GlaxoSmithKline – the giant British pharmaceutical company – is reportedly set to pocket over £1.8bn from its swine flu vaccination.
It now has orders for 290m doses of its vaccine from around the world, following a further 96m orders from nine different countries last month
The Times recommended the acronym GSK should stand for “Giant Swine flu Killing” from now on.
But while GSK chief Andrew Witty admitted the situation “is going to be positive” for GSK, it is “only because we have put ourselves in a position to do it,” he said.

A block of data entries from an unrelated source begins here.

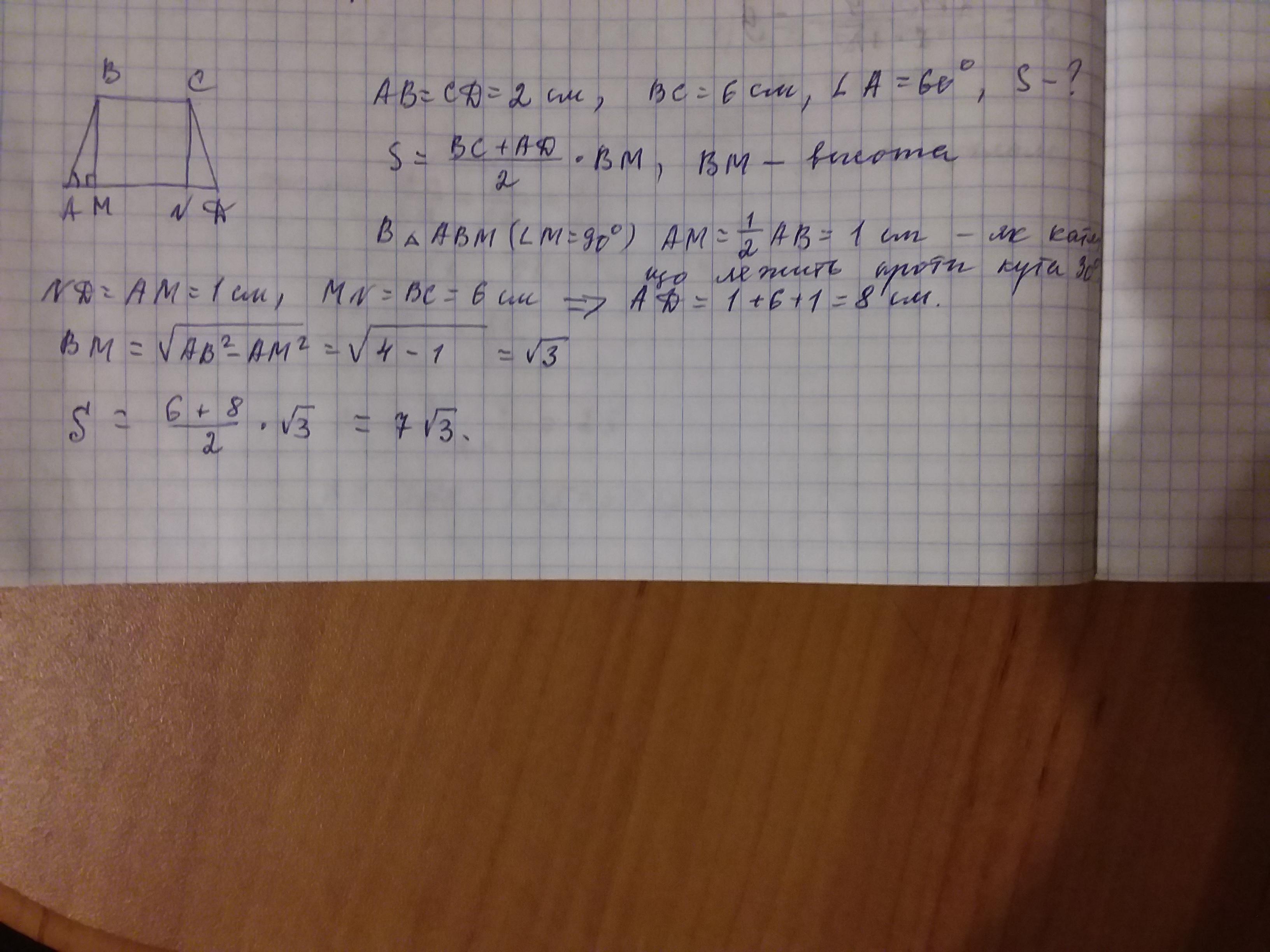 менша основа рівнобічної трапеції дорівнює 6 см а бічна сторона 2 см . знайдіть площу трапеції , якщо її гострий кут дорівнює 60*
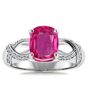 3.04ct Mozambique Ruby set in Halo Vined Natural Diamond Ring
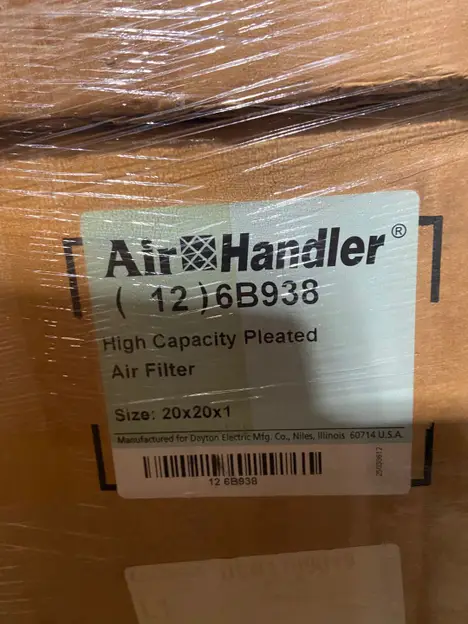 (1216B938 - HIGH CAPACITY PLEATED AIR FILTER, SIZE: 20X20X1 - DAYTON ELECTRIC MFG. CO.

“And we have done that by taking very significant risks over a long time,” added Witty, “diverting a huge amount of resources and doing the research that nobody else has done, so I’m not going to apologise that the company is going to make a return.”
Witty also pointed out that the company is putting aside 50m doses will for free distribution in poorer countries.
Fellow pharma Roche is expected to make around £1.2bn from sales of Tamiflu, the current antiviral being given to swine flu sufferers. The drug, which is used to treat most other strains of flu as well, is distributed by Roche but is actually made by a smaller manufacturer, Gilead. The need for specialist swine flu drugs as well as Tamiflu is critical though, as cases of resistance from the virus to the traditional drug are arising.
The UK has ordered 130m doses over four years from GSK and one of its rivals Baxter, in a deal is worth over £150m.
GSK’s first batch of its vaccine is expected to begin shipping next month. Other pharmas commissioned by the World Health Organisation to make swine flu drugs include Baxter of the US, the Swiss based Novartis and France’s Sanofi-Aventis.